Standing in the buzzing queue of many of Paris’s best pâtisseries, I often realise that decision-making has never been one of my strong points. Well, how can you blame me? With such sumptuous choices to ponder over, there are a number of pastry classics that look up from the shiny museum-like glass counters, saying “Go on – don’t forget me! Pick me!”

raspberry giant macarons with passion fruit cream

Admittedly, picking one or two out has become quicker, thanks to taking around eager testers in the  chocolate and pastry groups with Context Paris. What a responsibility it can be to choose a wide enough variety of fabulous samples without them all floating off into a sugar coma.

One of the lighter popular classics is a giant pink macaron garnished with pastry cream and surrounded with fresh raspberries. What’s more, it’s gluten-free. However, it’s not that easy to cut up into sample pieces!
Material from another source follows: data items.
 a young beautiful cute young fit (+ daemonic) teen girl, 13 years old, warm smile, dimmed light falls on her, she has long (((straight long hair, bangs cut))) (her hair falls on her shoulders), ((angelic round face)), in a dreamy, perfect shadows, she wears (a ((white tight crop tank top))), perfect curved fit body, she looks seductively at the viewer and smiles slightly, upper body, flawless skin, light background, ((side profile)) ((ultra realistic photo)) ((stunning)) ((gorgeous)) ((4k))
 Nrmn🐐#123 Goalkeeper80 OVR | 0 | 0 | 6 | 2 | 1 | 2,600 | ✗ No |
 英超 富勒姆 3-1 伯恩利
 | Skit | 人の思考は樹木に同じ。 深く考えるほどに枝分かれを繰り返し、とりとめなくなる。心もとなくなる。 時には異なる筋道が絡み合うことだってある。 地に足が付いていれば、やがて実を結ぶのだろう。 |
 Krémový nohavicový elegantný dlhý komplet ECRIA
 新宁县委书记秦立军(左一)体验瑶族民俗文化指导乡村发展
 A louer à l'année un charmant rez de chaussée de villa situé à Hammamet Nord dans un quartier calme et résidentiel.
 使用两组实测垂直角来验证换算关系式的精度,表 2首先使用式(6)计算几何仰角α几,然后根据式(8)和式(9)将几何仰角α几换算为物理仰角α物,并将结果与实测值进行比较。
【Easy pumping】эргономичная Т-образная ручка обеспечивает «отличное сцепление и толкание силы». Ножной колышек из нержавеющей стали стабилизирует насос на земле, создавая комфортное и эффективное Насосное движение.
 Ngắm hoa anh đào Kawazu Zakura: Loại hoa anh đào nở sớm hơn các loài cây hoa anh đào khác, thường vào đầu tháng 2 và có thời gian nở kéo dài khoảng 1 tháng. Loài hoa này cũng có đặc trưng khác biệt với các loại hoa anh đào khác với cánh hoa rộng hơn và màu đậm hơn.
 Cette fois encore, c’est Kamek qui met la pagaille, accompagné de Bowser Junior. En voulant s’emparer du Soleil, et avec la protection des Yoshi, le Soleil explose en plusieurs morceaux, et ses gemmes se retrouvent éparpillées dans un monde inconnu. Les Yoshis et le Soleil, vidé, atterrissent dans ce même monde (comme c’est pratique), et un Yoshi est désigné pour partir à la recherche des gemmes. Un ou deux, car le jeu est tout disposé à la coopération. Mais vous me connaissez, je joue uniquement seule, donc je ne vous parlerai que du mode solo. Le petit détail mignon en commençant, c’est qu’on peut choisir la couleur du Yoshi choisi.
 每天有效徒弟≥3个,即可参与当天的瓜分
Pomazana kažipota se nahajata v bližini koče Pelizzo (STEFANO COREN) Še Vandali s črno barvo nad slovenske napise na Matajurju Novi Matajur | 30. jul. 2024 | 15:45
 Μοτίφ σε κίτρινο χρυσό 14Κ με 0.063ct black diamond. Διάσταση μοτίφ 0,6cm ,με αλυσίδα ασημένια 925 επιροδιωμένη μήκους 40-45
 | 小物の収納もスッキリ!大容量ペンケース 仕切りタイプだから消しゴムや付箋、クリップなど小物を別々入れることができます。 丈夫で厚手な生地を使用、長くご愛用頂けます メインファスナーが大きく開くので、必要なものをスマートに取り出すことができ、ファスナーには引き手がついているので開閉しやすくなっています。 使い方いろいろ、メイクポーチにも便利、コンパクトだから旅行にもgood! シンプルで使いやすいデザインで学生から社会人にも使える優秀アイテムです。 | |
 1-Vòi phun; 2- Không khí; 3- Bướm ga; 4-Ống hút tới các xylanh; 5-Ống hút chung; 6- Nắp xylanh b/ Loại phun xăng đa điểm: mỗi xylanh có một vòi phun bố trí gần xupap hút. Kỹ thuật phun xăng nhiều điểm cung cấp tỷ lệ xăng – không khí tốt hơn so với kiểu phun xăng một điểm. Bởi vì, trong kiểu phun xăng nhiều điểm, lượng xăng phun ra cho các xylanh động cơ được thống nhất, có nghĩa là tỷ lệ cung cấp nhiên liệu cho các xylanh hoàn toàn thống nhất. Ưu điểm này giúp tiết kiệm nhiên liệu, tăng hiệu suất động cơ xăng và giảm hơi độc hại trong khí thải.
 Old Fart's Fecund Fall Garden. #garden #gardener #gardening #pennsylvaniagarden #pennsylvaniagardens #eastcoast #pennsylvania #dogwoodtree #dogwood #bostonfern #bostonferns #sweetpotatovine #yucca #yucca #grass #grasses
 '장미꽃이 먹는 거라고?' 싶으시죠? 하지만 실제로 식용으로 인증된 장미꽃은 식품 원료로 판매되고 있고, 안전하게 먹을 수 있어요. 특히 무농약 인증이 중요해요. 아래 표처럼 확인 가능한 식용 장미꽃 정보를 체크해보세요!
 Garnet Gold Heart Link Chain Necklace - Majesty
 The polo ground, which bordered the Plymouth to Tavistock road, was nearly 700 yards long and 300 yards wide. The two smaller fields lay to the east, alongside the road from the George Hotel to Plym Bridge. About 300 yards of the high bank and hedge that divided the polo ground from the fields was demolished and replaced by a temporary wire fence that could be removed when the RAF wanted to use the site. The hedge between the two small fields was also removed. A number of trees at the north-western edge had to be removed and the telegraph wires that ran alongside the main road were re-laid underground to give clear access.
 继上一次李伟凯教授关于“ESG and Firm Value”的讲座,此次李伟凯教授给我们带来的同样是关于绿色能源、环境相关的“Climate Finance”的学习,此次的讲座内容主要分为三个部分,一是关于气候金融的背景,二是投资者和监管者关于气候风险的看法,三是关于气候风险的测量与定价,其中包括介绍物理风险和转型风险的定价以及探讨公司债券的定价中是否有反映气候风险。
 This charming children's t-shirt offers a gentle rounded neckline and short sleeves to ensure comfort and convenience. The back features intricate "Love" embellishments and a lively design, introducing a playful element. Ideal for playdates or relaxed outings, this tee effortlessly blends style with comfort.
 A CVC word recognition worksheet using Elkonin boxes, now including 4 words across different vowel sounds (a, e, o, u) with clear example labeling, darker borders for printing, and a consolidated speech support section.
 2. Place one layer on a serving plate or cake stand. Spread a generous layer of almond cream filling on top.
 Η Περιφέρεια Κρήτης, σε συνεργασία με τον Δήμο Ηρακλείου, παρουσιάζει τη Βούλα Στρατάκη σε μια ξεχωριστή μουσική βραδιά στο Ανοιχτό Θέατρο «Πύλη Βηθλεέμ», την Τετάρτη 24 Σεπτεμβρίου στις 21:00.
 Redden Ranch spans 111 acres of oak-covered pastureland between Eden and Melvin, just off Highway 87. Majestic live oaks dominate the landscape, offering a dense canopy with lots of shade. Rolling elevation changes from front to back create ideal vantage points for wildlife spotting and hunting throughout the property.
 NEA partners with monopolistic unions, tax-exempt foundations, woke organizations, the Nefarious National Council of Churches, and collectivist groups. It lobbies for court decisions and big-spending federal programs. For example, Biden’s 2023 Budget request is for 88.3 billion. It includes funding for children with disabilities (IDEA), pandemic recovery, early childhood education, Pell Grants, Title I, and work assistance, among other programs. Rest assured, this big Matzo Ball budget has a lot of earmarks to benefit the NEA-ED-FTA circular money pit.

macarons ispahan style in local patisseries

Pierre Hermé, dubbed by Vogue Magazine as the Picasso of Pastry, christened the most famous of giant raspberry macarons the Ispahan, named after a tender, fragrant Iranian rose. The giant pink macaron is filled with a rose and lychee cream and finished off with beautiful fresh raspberries.

So many pastry shops in Paris have drawn on his inspiration with their own take on it. Even our local pâtisserie had their version (above) with the bottom macaron shell upside down…

Raspberry passion fruit giant macaron

As you can imagine, such Parisian pâtisserie temptations are a constant source of exciting inspiration.  For this dessert classic I replaced the lychee and rose with a zingy passion fruit filling, adding that extra acidic touch to the raspberries.

Truth be told, I ran out of passion fruits as I thought two would be enough. But after tasting the cream, I felt it needed another passion fruit for that extra fruity punch.  So instead I added some extra passion fruit purée as an emergency back-up. I use an excellent passion fruit purée from Monin. Incidentally, I also love their floral syrups to quickly and easily add that delicious fragrant touch to pâtisserie recipes such as rose, elderflower and violet for a summery Teatime in Paris.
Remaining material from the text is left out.